Activists from the Stand Up! Chicago coalition, Occupy Chicago, and other supporters participated in the International Day of Action by taking over the LaSalle Street bridge on Thursday afternoon. According to organizers, more than 2,000 people rallied at the Thompson Center and marched to the bridge, shutting it down for over an hour to protest budget cuts and demand jobs. The bridge is just one example of infrastructure around the city in need of repairs and symbolized an “Economic Emergency for the 99%,” according to the groups.
Linking arms, protesters defied police orders to leave the bridge and instead risked arrest. Unlike other cities where police use of pepper spray has almost become commonplace, Chicago officers peacefully removed the protesters one by one. In total, 46 people were issued citations for blocking the roadway, reported the Chicago Police Department. The department’s news affairs office also claims only 700 people participated in the protests.

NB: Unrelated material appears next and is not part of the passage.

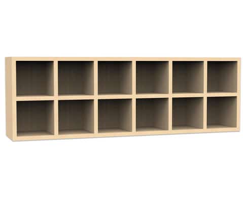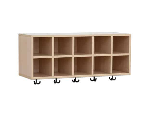 Hoogte is 39cm en de diepte 23cm. Met 6 (B 60cm), 8 (B 80cm), 10 (B 100cm) of 12 (120cm) handige opbergvakken optioneel aan onderzijde voorzien van jashaken.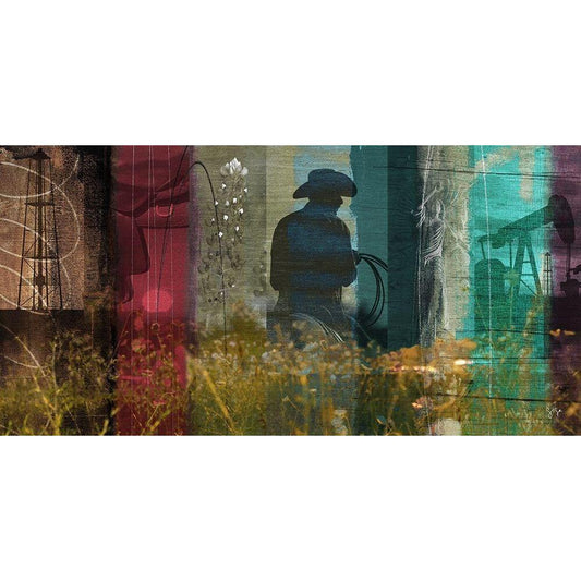 18x36 Cowboy Collage (ASH) Black Modern Wood Framed Art Print with Double Matting by Jasper, Sisa

“I wanted to remind those of us who are lucky enough to still have a job that we’re just one layoff away from losing our health insurance or our homes,” said Jamie Hayes, one of the people engaging in the civil disobedience. “What little safety net we do have in this country will be taken away if the one percent has their way. If that’s not class warfare, I don’t know what is.”
Leaving the bridge. the marchers made their way south to the Chicago Board of Trade building where Occupy Chicago has held its own protests for nearly two months. A banner reading “We Are The 99%” was unfurled in front of the building, bringing loud cheers of joy from many of the participants. Drums and dancing commenced in the middle of the Jackson and LaSalle intersection before protesters linked arms around the Board of Trade building, blocking doorways and stretching the entire perimeter of the building.
Protesters were well aware of the Chicago Mercantile Exchange’s efforts to lower their state tax liability and its strong connection to Mayor Rahm Emanuel. Instead of creating a jobs program or finding ways to keep public employees on the payroll, federal and local governments have decided to implement budget cuts affecting schools, public health assistance, and other programs aimed at helping the most vulnerable of citizens.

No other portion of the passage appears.